Resize control plane nodes when:

  • API server response times increase under load
  • etcd latency exceeds 100ms (check via Prometheus: histogram_quantile(0.99, rate(etcd_disk_wal_fsync_duration_seconds_bucket[5m])))
  • Cluster grows beyond the original sizing (more nodes, more pods, more CRDs)
  • Monitoring shows CPU or memory pressure on control plane nodes

Step 1: Update Terraform Configuration

Change the VM flavor or resource allocation:

# infrastructure/clusters/<cluster>/main.tf
# OpenStack example
resource "openstack_compute_instance_v2" "control_plane" {
count = 3
name = "cp-${count.index + 1}"
flavor_name = "m1.xlarge" # Changed from m1.large
# ...
}

For VMware:

resource "vsphere_virtual_machine" "control_plane" {
count = 3
name = "cp-${count.index + 1}"
num_cpus = 8 # Changed from 4
memory = 32768 # 32 GB, changed from 16384
# ...
}

Commit the change to a branch and open a PR.

Step 2: Rolling Resize (One Node at a Time)

Resize control plane nodes one at a time to maintain etcd quorum and API server availability. Never resize more than one control plane node simultaneously.

For each control plane node:

# 1. Cordon the node
kubectl cordon cp-1

# 2. Drain workloads (control plane nodes typically run only system pods)
kubectl drain cp-1 --ignore-daemonsets --delete-emptydir-data --timeout=300s

# 3. Shut down the VM and apply the resize
# OpenStack:
openstack server resize <server-id> --flavor m1.xlarge
openstack server resize confirm <server-id>

# VMware: Terraform apply targets the specific node
terraform apply -target='vsphere_virtual_machine.control_plane[0]'

# 4. Wait for the node to come back
kubectl get nodes -w # Watch until cp-1 shows Ready

# 5. Uncordon the node
kubectl uncordon cp-1

# 6. Verify etcd health before proceeding to the next node
ETCDCTL_API=3 etcdctl endpoint health \
--endpoints=https://127.0.0.1:2379 \
--cacert=/etc/ssl/etcd/ssl/ca.pem \
--cert=/etc/ssl/etcd/ssl/node-cp-1.pem \
--key=/etc/ssl/etcd/ssl/node-cp-1-key.pem

Repeat for cp-2 and cp-3, waiting for each node to fully rejoin before proceeding.

Step 3: Verify

# All control plane nodes show Ready with new resources
kubectl get nodes -o wide

# Check allocatable resources reflect the new sizing
kubectl describe node cp-1 | grep -A5 "Allocatable"

# Verify etcd cluster is healthy (all members)
ETCDCTL_API=3 etcdctl endpoint health \
--endpoints=https://192.168.12.20:2379,https://192.168.12.21:2379,https://192.168.12.22:2379 \
--cacert=/etc/ssl/etcd/ssl/ca.pem \
--cert=/etc/ssl/etcd/ssl/admin-$(hostname).pem \
--key=/etc/ssl/etcd/ssl/admin-$(hostname)-key.pem

# Confirm API server is responsive
kubectl get --raw /healthz

# Check FluxCD reconciliation resumed normally
flux get kustomizations -A

Troubleshooting

  • Node does not come back after resize — SSH to the node and check kubelet: journalctl -u kubelet -f.
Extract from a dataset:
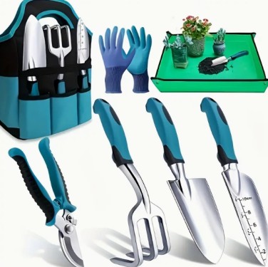녹슬지 않는 스테인리스 스틸과 알루미늄 합금으로 제작된 내구성 있는 정원 도구 세트 7개, 편리한 운반 가방이 포함된 손목용 정원 관리 도구 > 정원

The resize may have changed the network interface name or IP.
  • etcd member unhealthy after restart — Check etcd logs: journalctl -u etcd -f. Disk I/O may be slow during first boot after resize. Wait 2-3 minutes.
  • API server errors during resize — Expected if only 2 of 3 control plane nodes are available. Clients with retries will recover. Verify kube-vip or load balancer is routing to healthy nodes.